Top of Data shown
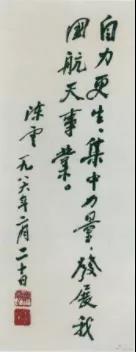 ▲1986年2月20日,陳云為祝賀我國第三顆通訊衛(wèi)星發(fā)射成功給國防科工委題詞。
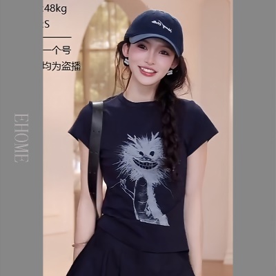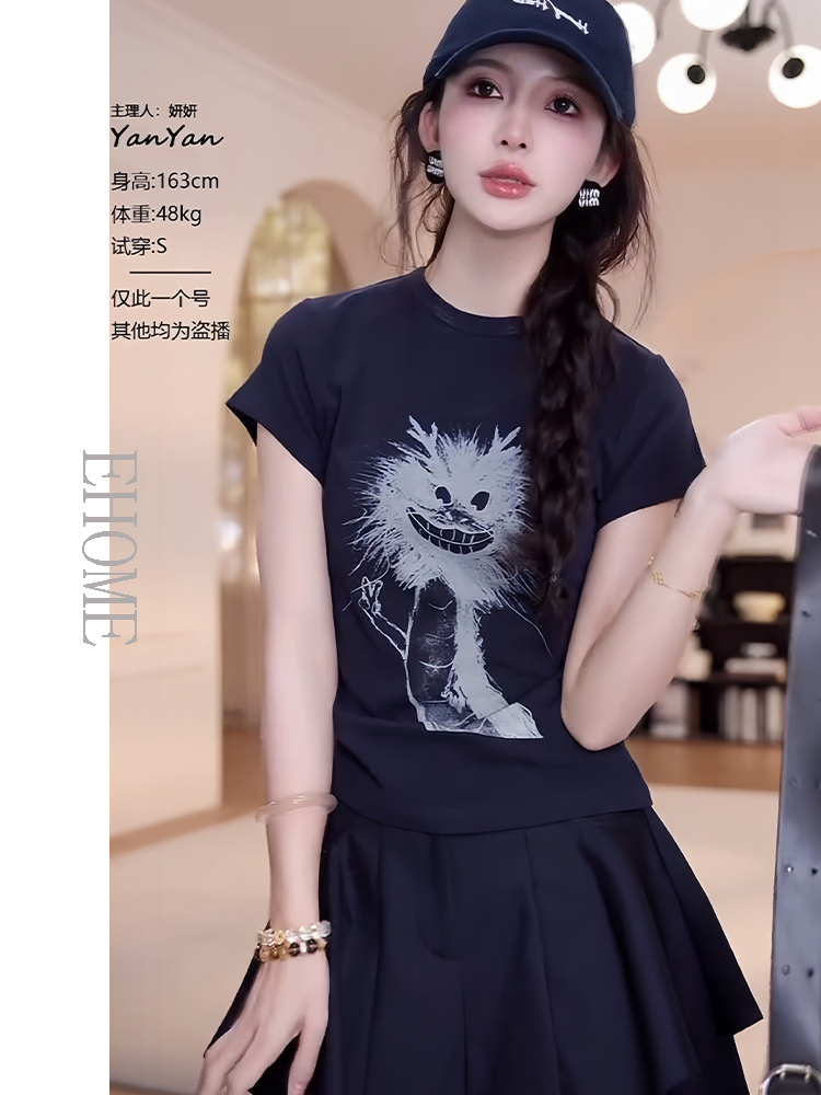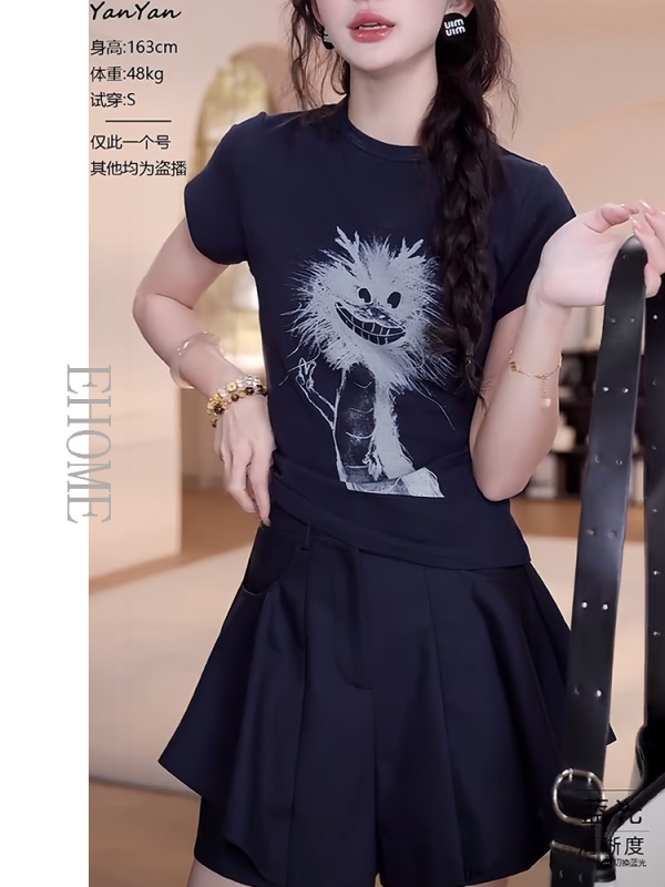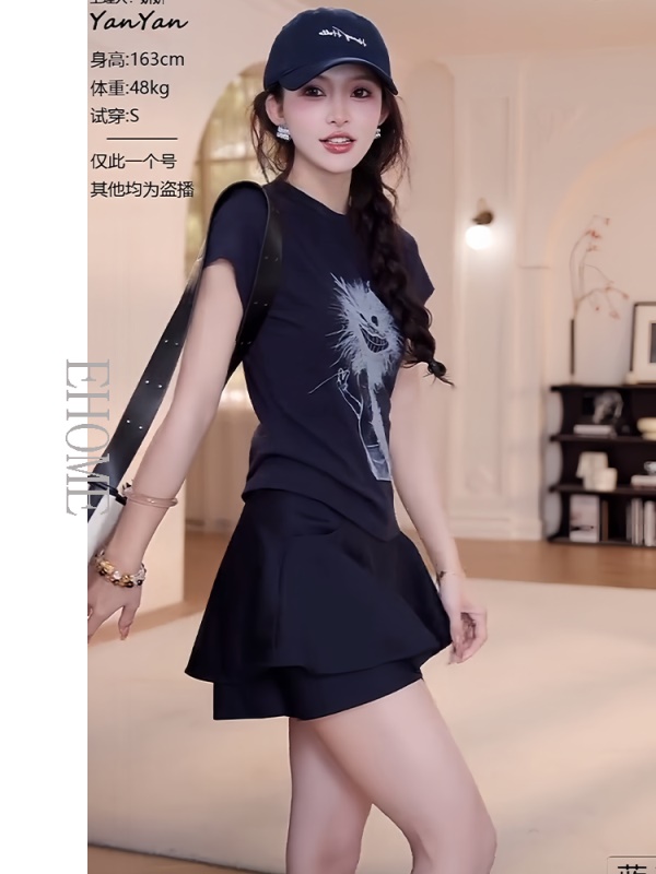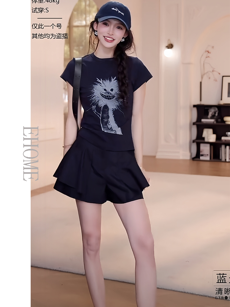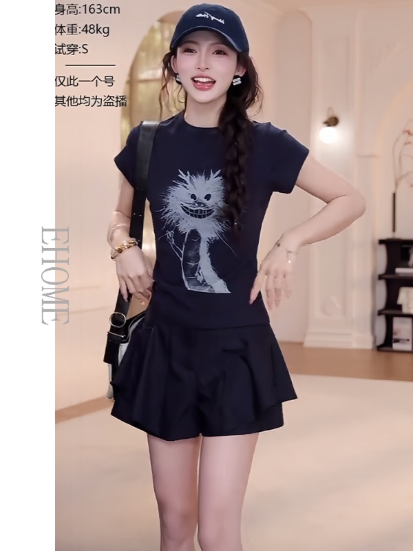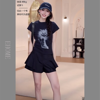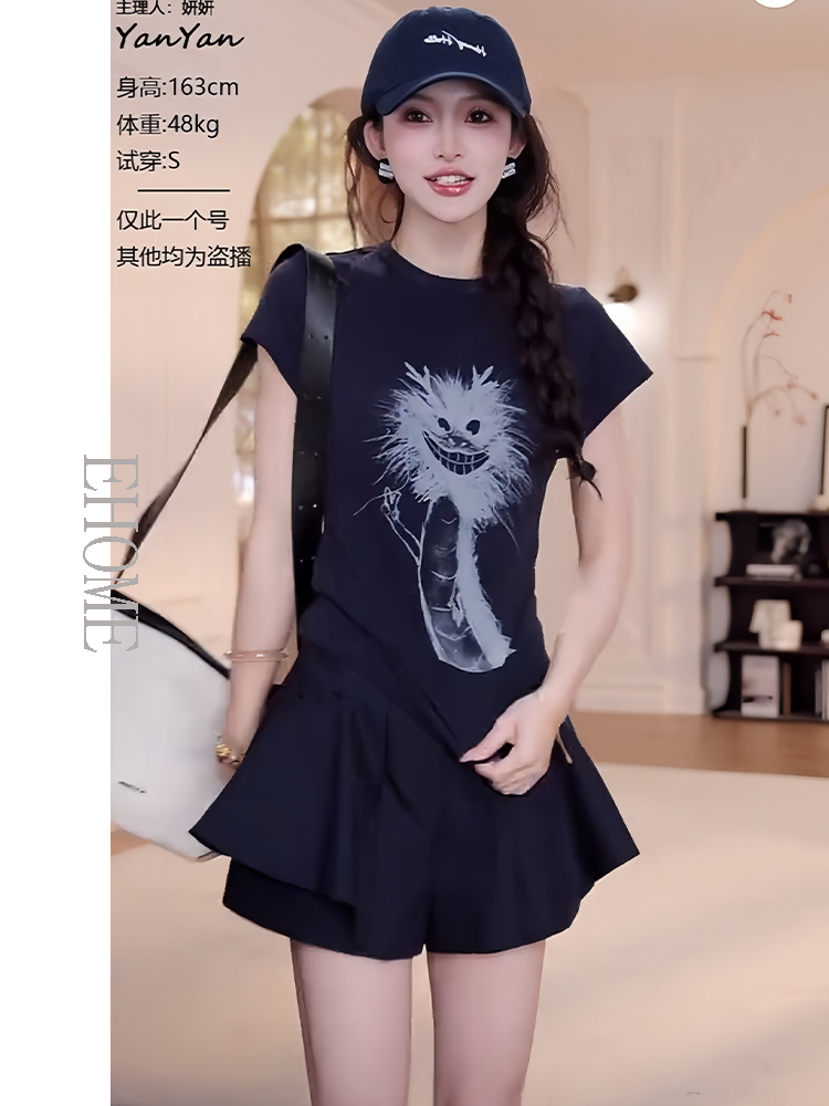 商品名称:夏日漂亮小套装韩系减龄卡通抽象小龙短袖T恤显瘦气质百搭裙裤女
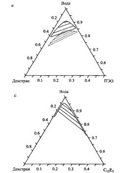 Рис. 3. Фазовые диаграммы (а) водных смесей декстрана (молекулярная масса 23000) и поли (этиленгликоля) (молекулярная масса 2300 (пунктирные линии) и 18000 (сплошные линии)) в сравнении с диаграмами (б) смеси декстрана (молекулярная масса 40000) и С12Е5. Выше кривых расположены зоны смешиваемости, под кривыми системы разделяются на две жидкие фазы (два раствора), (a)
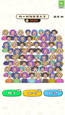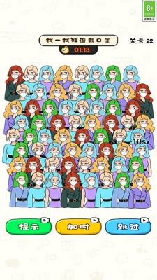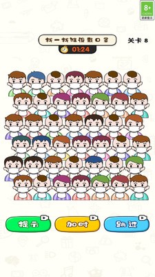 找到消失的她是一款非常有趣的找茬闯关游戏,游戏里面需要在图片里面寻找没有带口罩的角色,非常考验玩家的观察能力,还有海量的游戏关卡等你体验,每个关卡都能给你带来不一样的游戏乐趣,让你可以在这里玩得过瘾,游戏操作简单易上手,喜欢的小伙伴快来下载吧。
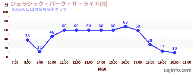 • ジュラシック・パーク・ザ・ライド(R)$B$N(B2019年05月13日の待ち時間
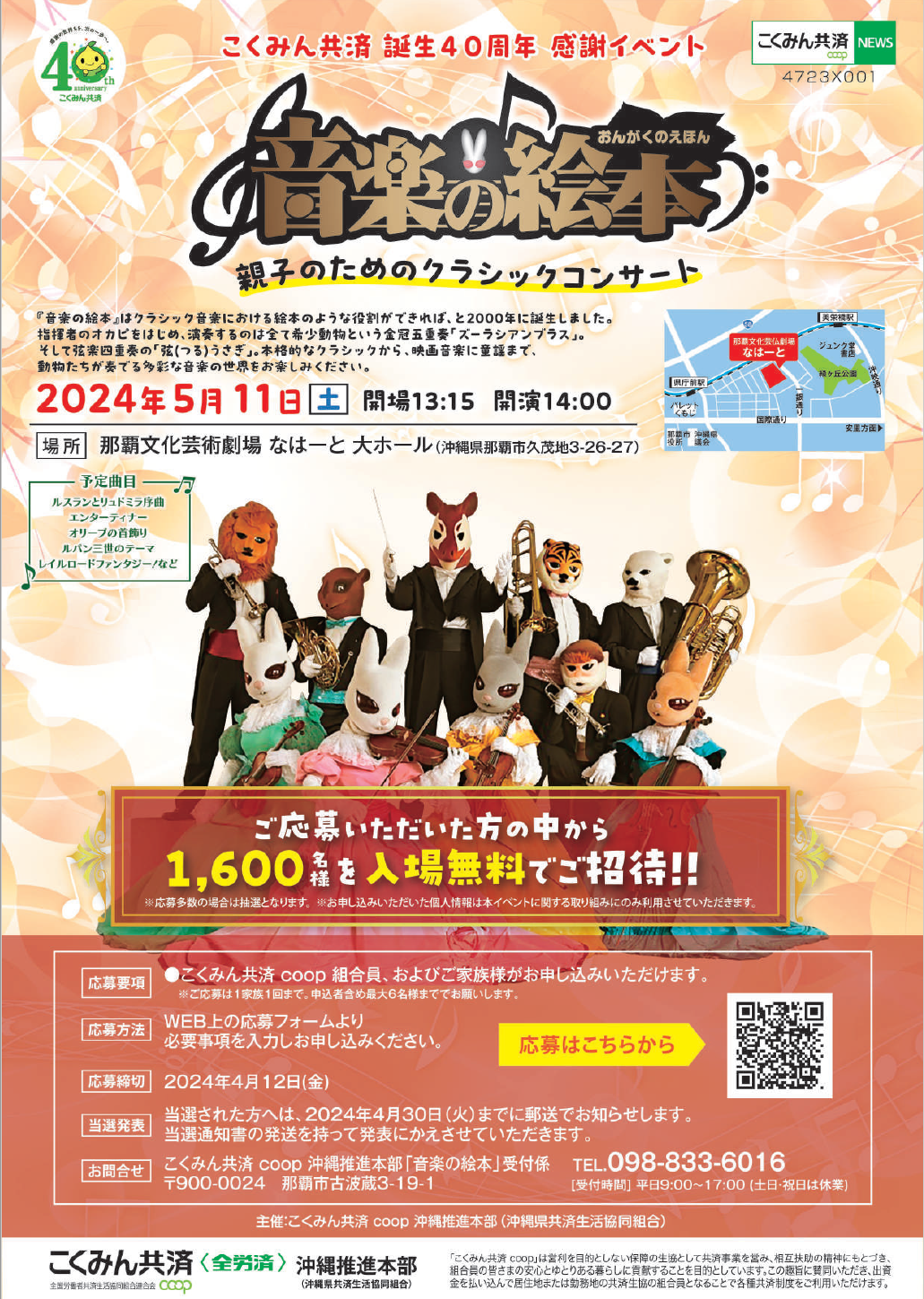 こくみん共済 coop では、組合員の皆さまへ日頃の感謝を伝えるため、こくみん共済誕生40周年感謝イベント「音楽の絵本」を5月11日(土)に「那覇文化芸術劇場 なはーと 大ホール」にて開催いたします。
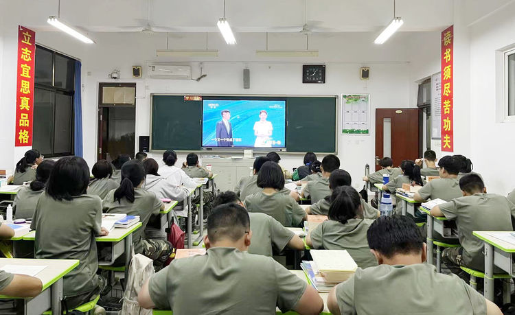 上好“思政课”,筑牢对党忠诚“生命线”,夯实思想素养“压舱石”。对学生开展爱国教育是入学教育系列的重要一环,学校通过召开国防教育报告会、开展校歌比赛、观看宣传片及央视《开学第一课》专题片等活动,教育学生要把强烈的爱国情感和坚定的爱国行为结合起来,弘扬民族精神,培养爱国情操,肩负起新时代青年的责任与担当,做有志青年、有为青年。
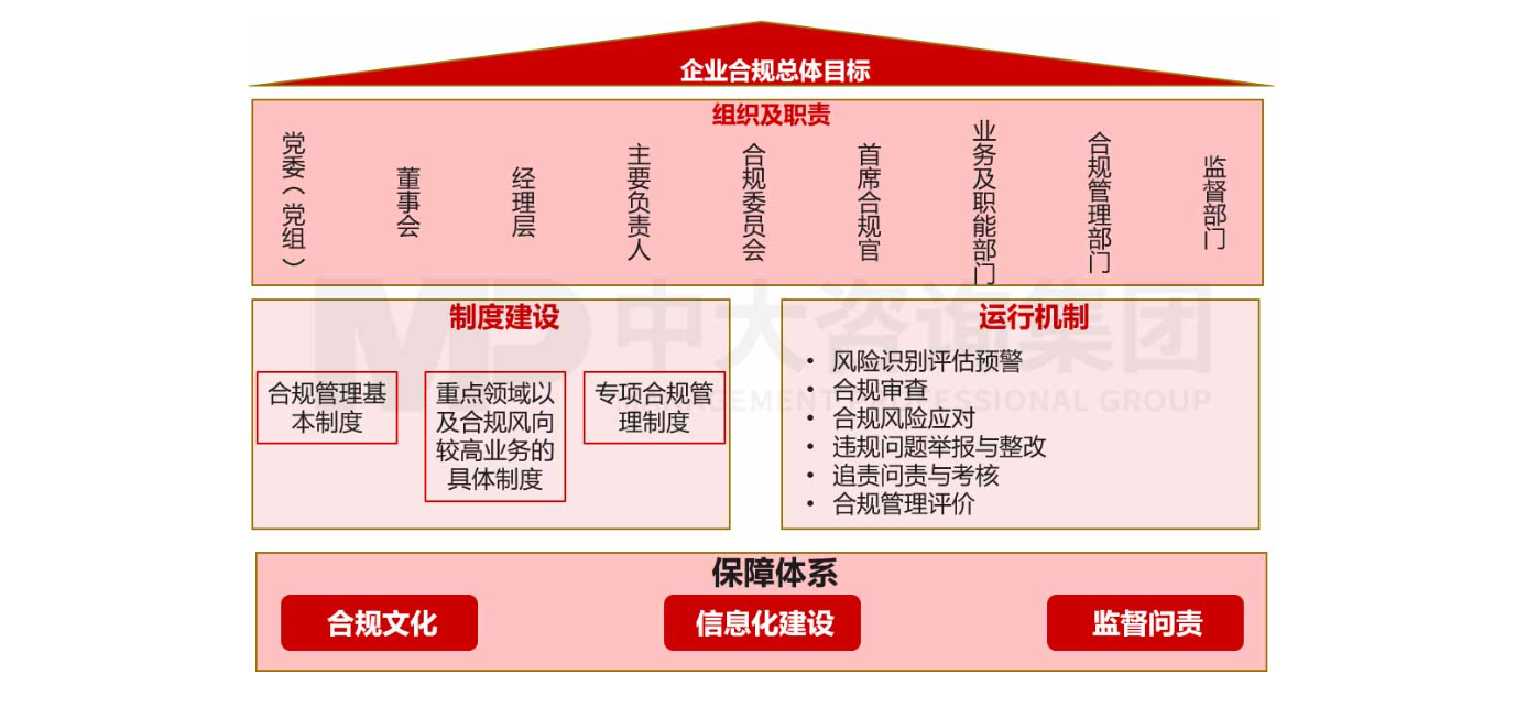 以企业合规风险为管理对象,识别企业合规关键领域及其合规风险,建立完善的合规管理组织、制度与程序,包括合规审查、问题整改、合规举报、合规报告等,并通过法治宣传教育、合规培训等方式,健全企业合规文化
Bottom of Data shown
* [Brief]:
Output nothing but the records above, word for word, with the pictures removed.

* [Answer for the task]:
 ▲1986年2月20日,陳云為祝賀我國第三顆通訊衛(wèi)星發(fā)射成功給國防科工委題詞。
 商品名称:夏日漂亮小套装韩系减龄卡通抽象小龙短袖T恤显瘦气质百搭裙裤女
 Рис. 3. Фазовые диаграммы (а) водных смесей декстрана (молекулярная масса 23000) и поли (этиленгликоля) (молекулярная масса 2300 (пунктирные линии) и 18000 (сплошные линии)) в сравнении с диаграмами (б) смеси декстрана (молекулярная масса 40000) и С12Е5. Выше кривых расположены зоны смешиваемости, под кривыми системы разделяются на две жидкие фазы (два раствора), (a)
 找到消失的她是一款非常有趣的找茬闯关游戏,游戏里面需要在图片里面寻找没有带口罩的角色,非常考验玩家的观察能力,还有海量的游戏关卡等你体验,每个关卡都能给你带来不一样的游戏乐趣,让你可以在这里玩得过瘾,游戏操作简单易上手,喜欢的小伙伴快来下载吧。
 • ジュラシック・パーク・ザ・ライド(R)$B$N(B2019年05月13日の待ち時間
 こくみん共済 coop では、組合員の皆さまへ日頃の感謝を伝えるため、こくみん共済誕生40周年感謝イベント「音楽の絵本」を5月11日(土)に「那覇文化芸術劇場 なはーと 大ホール」にて開催いたします。
 上好“思政课”,筑牢对党忠诚“生命线”,夯实思想素养“压舱石”。对学生开展爱国教育是入学教育系列的重要一环,学校通过召开国防教育报告会、开展校歌比赛、观看宣传片及央视《开学第一课》专题片等活动,教育学生要把强烈的爱国情感和坚定的爱国行为结合起来,弘扬民族精神,培养爱国情操,肩负起新时代青年的责任与担当,做有志青年、有为青年。
 以企业合规风险为管理对象,识别企业合规关键领域及其合规风险,建立完善的合规管理组织、制度与程序,包括合规审查、问题整改、合规举报、合规报告等,并通过法治宣传教育、合规培训等方式,健全企业合规文化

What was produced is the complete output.